Credit-preserving short sales get new federal boost
April 10, 2010 by John Allen · 1 Comment
New federal rules took effect Monday to speed up short sales — the time-consuming, often-frustrating process of selling a home when the owner owes more than the house is worth.
The Obama administration program offers financial incentives for homeowners to agree to a short sale. Owners will still lose their homes, but a short sale, or deed in lieu of foreclosure, doesn’t hurt a borrower’s credit score for as much time as a foreclosure.
A man browses homes for sale in Los Angeles. Federal rules implemented Monday will aid quick home sales for owners who owe more than their homes are worth.

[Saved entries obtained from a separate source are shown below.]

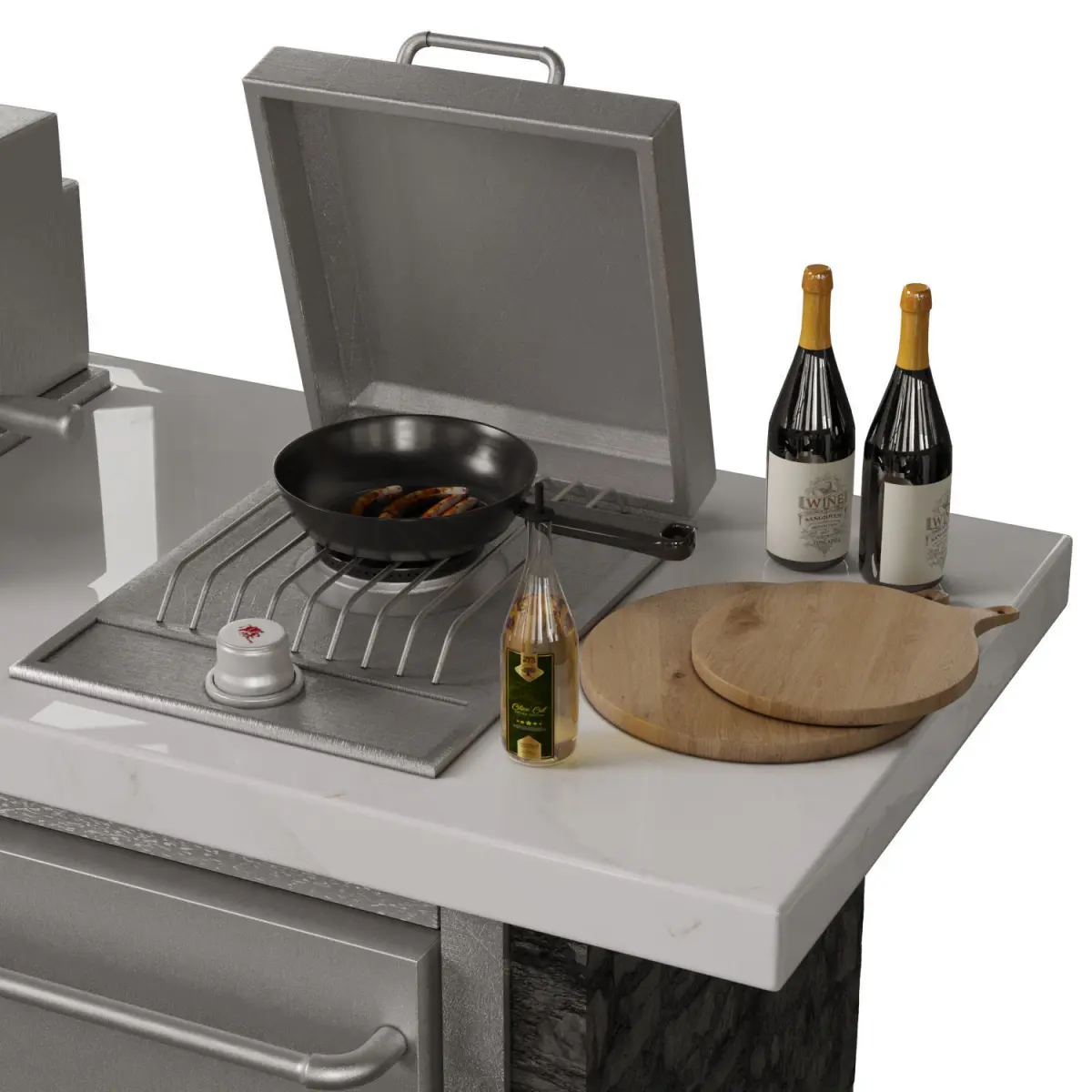 BULL BBQ is outdoor grill with 4 parts . main grill , food , grill door and cooktop door . these parts are separated to edit and can open and close doors easily or edit or delete foods .all material and parts are named logically .most of the textures are 4k .dimension is 290 * 75 height is 100 up to counter and 135 up to grillmodeling in 3dmax 2018 and save as in max 2015 versionpolys:139736verts:142453All items are UVW mapped.Max 2015 - vray 3.6Max 2015 - corona 6obj , fbx
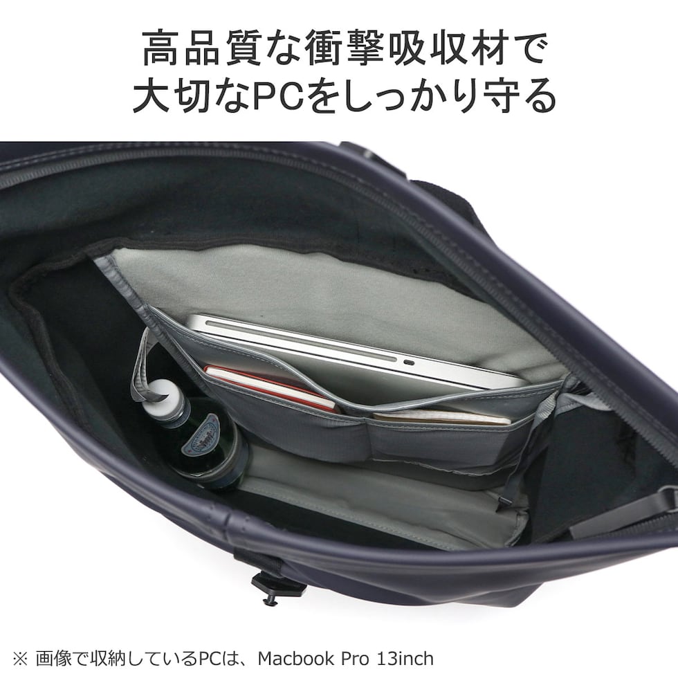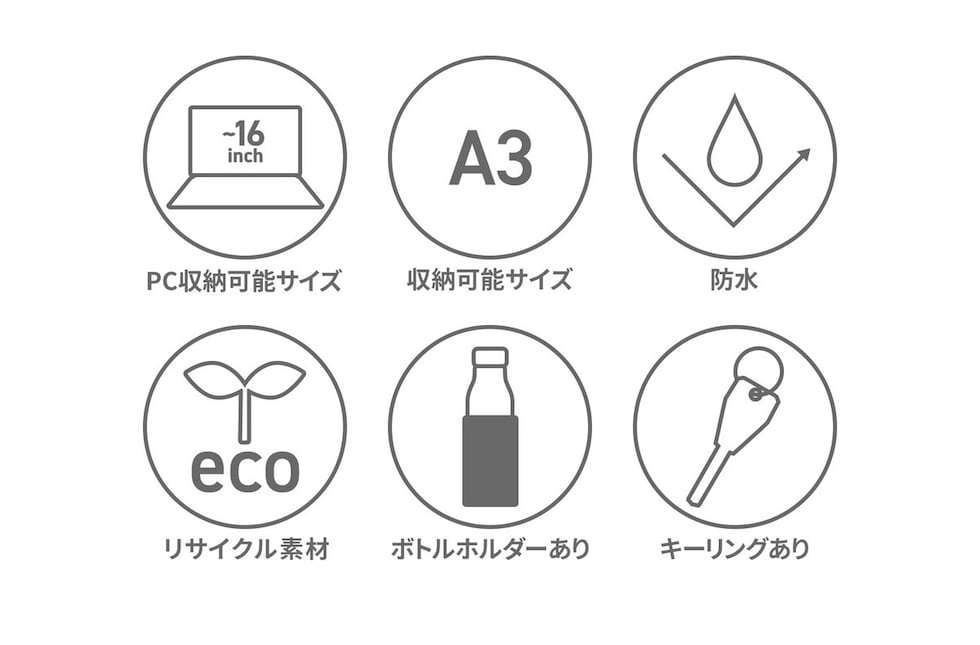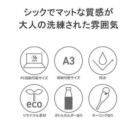 | 仕様 | <外側> ベルクロポケット(M)×1 <内側> PC収納×1 メッシュポケット(S)×2 キーフック×1 ボトルホルダー×1 |
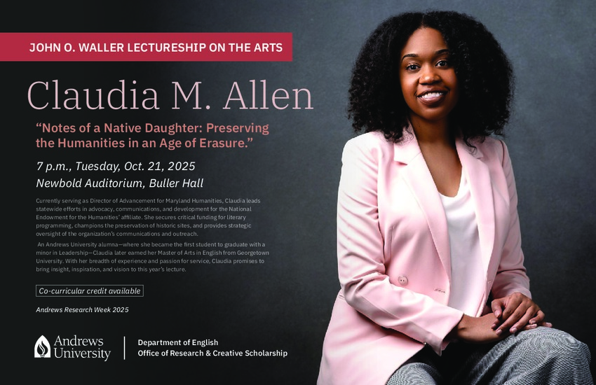 Join us for the John O. Waller Lectureship at 7 p.m. on Tuesday, Oct. 21, 2025, in Newbold Auditorium, Buller Hall.
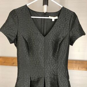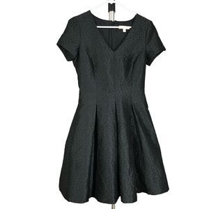 BANANA REPUBLIC Dots Black Pleated Ponte V-Neck Fit & Flare Short Sleeve Midi Dress Sz 4
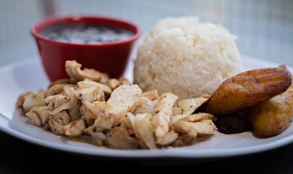 Platos are Served with White Rice, Black Beans, and Maduros.
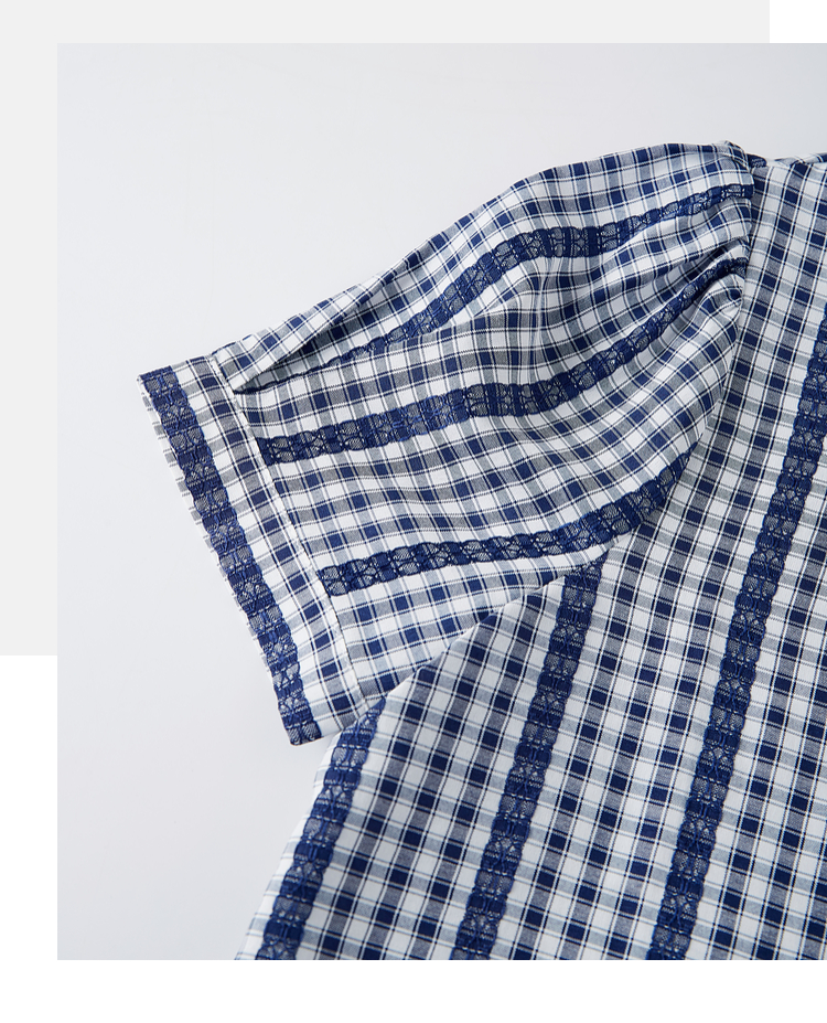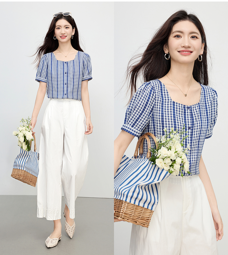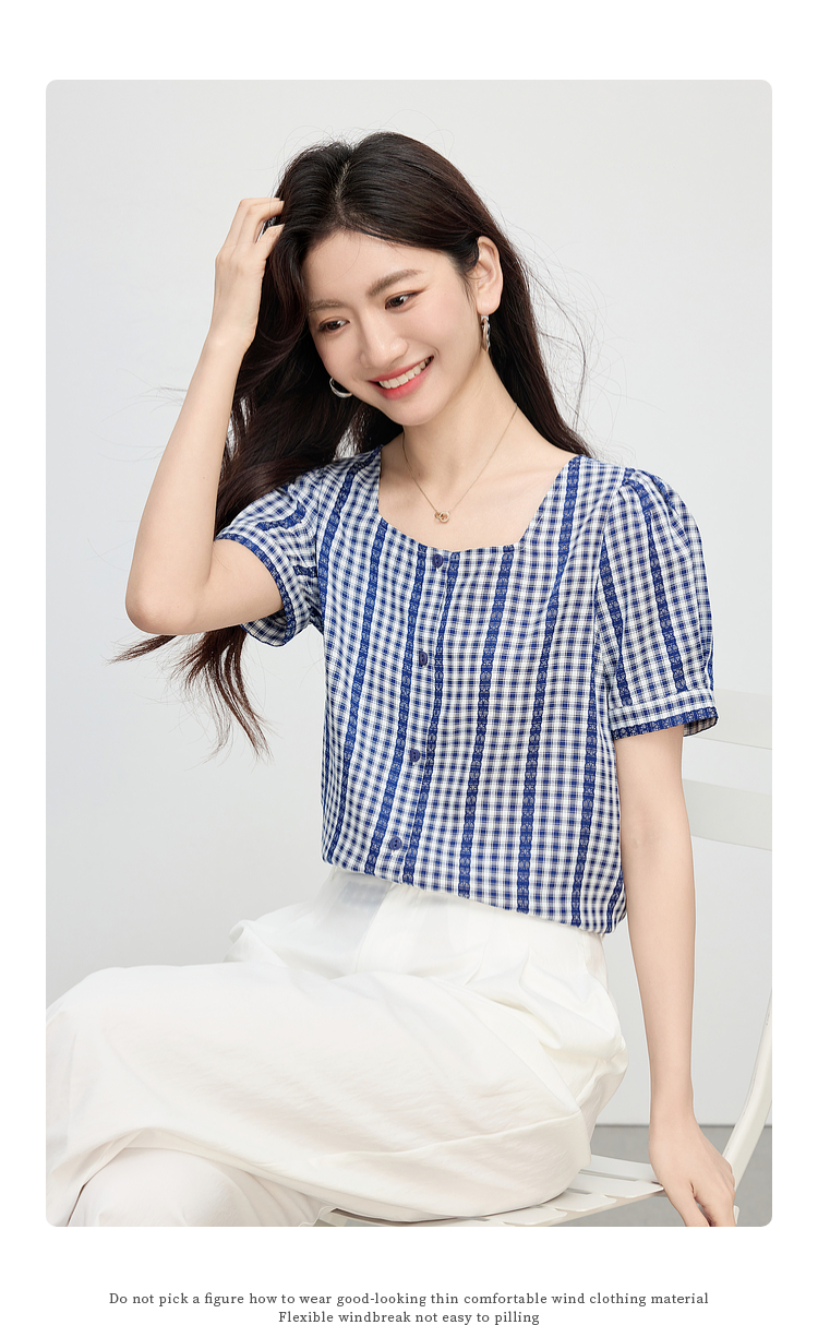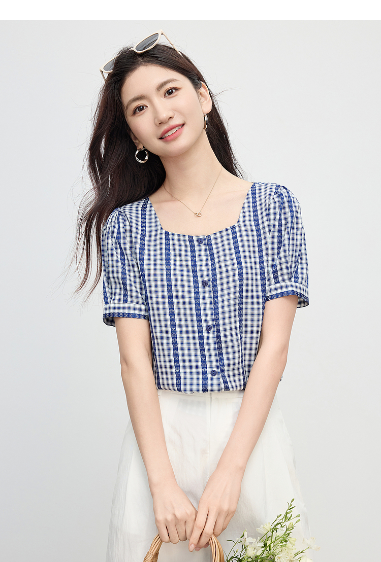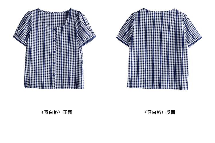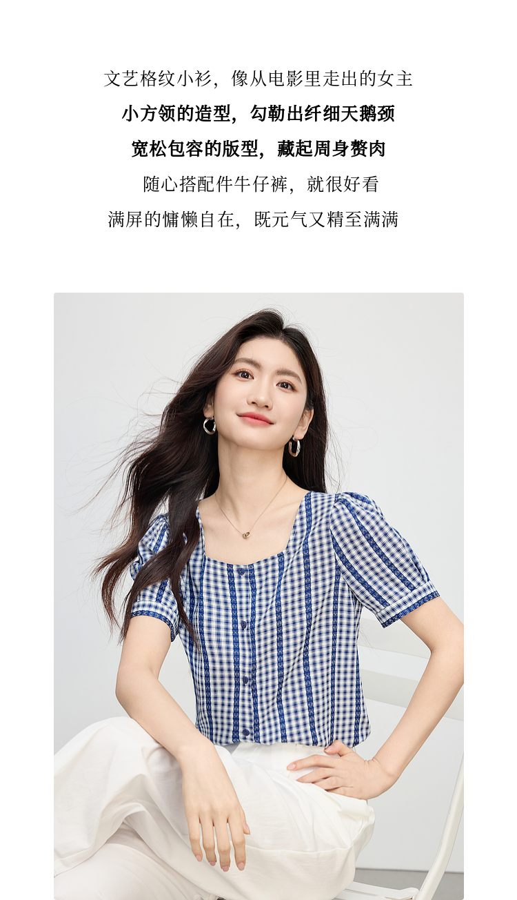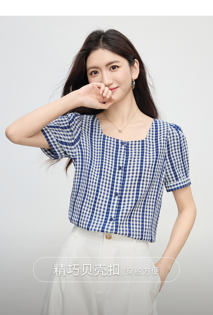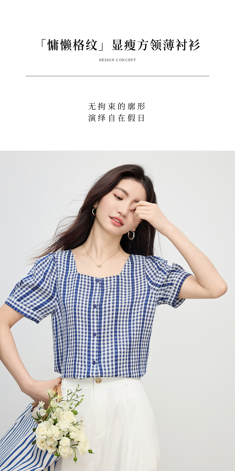 【07/16新品】熙世界法式蓝白格纹方领衬衫女夏季慵懒文艺复古短袖上衣2025新款
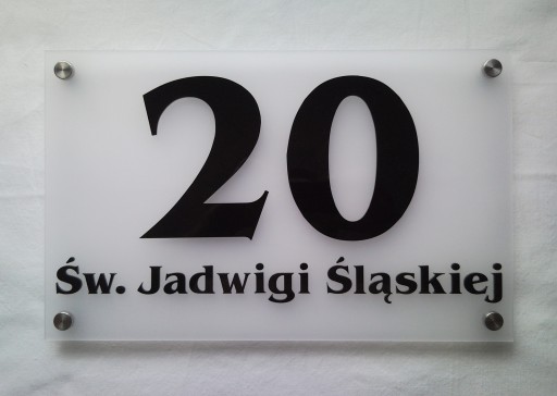 Istnieje również możliwość wykonania tabliczki na szkle akrylowym w kolorze "szkło mrożone" w rozmiarach np.
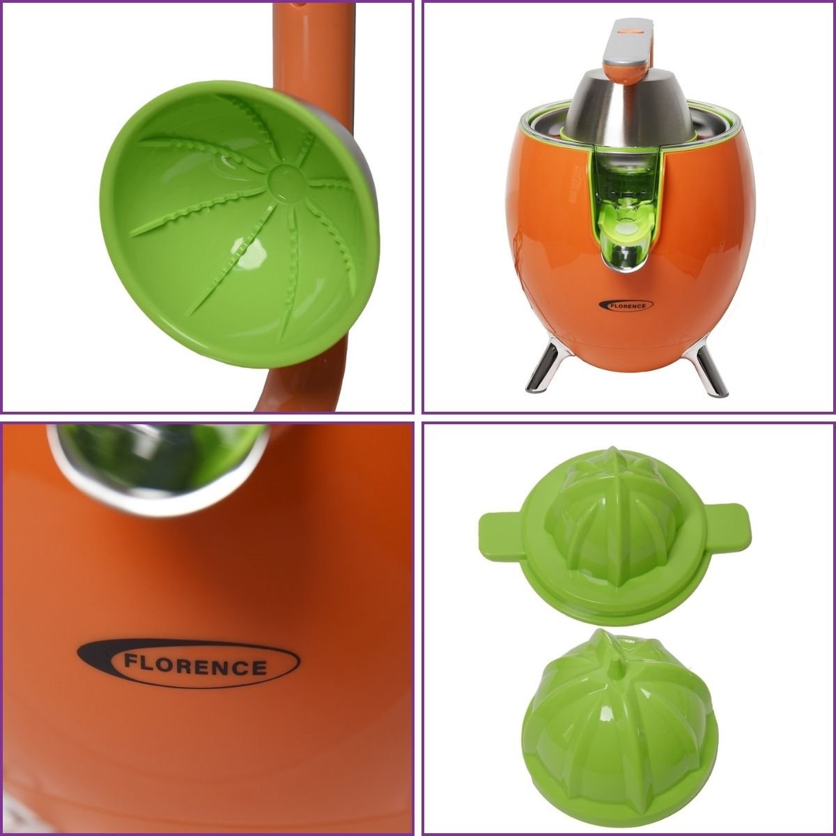 Presse Agrume Florence 450W Orange. Extraction puissante et rapide pour jus frais. Cône universel, anti-gouttes. Nettoyage facile.
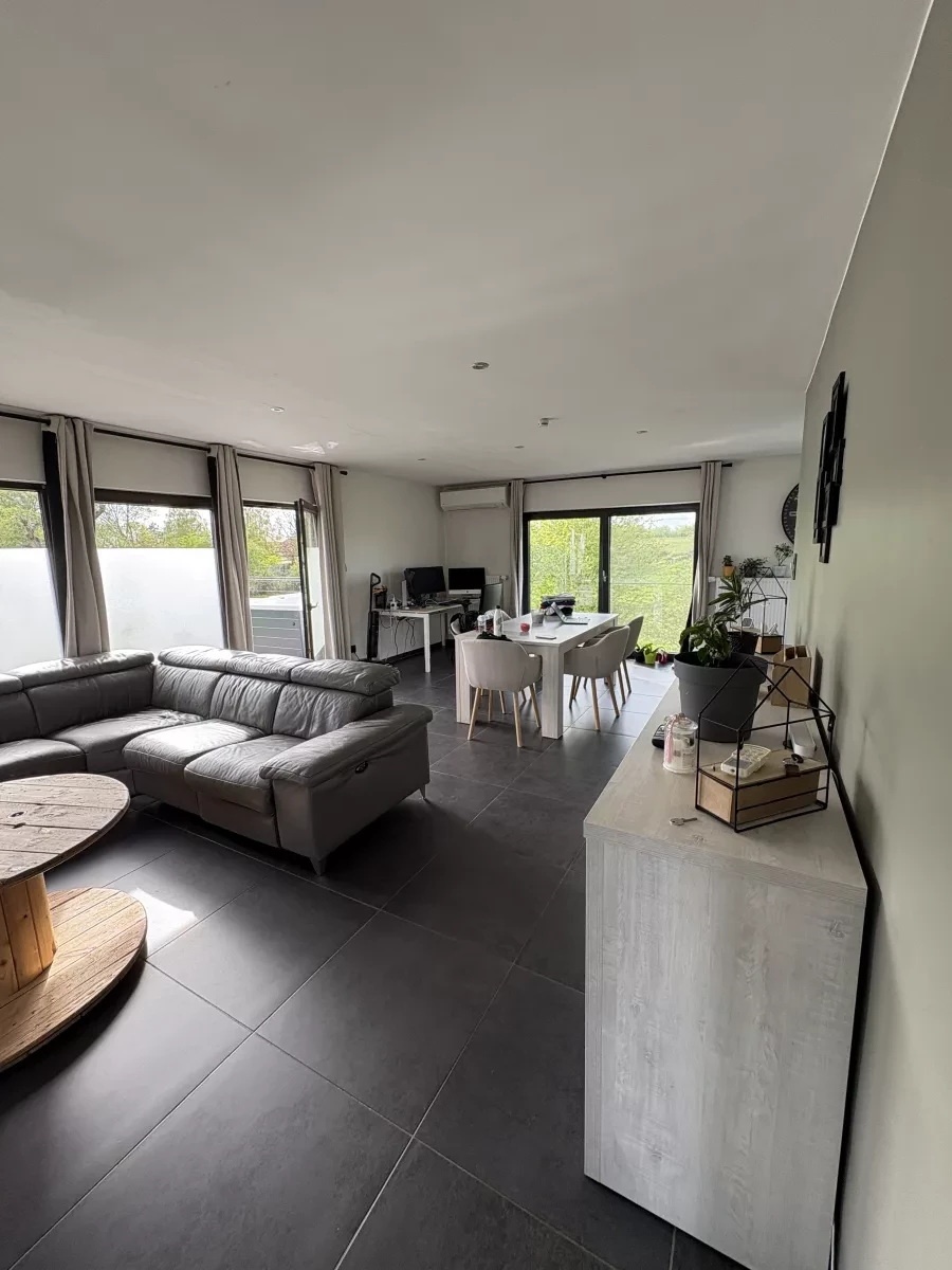 Rez-de-chaussée : hall d’entrée (8m²), séjour (38m²), cuisine hyper-équipée de 11m² (lave vaisselle, taques à induction, hotte, frigo américain, four, four à micro-ondes), salle de bain de 9m² (baignoire balnéo et douche à l'italienne), 2 chambres (11,5m² et 13,5m²), WC séparé et buanderie (3m²).

The new rules let lenders use an appraiser, market research and a real estate agent’s opinion to determine the value of a home, and thus a minimum to accept. Mortgage companies must set their minimum bid before the house is listed for sale, and if an offer is above that, the lender must accept it. Typically, lenders didn’t decide how much they would accept until after they had received an offer.
The rules give a time and home-value certainty to a short-sale process that essentially had had no parameters. The previous process had left sellers and potential buyers in limbo, said David Hanna, managing broker with SourceOne Realty in Chicago.
Banks and lenders typically look at short sales with skepticism because they are fraught with the potential for abuse. That means banks had taken time to scrutinize the sales, Hanna said. Banks are unsure of the appraised value of the home and have been burned by such frauds as homeowners lying about whether they are employed or a homeowner’s financially viable sibling using the process to get the property for a song, for example.
Lenders lose about 40 percent of a property’s value on a foreclosure vs. about 19 percent on a short sale, according to industry estimates.
The new rules also require that, for the first 30 days that a home is marketed, the lender may approve only offers that result in minimum net sales proceeds of 88 percent of the home’s appraised fair market value.
Such guidelines should help give banks the certainty they need to move more quickly to approve short sales, Hanna said.
The plan also offers incentives to homeowners. The program will pay a homeowner $3,000 in moving expenses — up from an original $1,500. And HUD will pay up to 1 percent of the buyer’s mortgage as part of the closing costs if the new mortgage falls under the Federal Housing Administration program.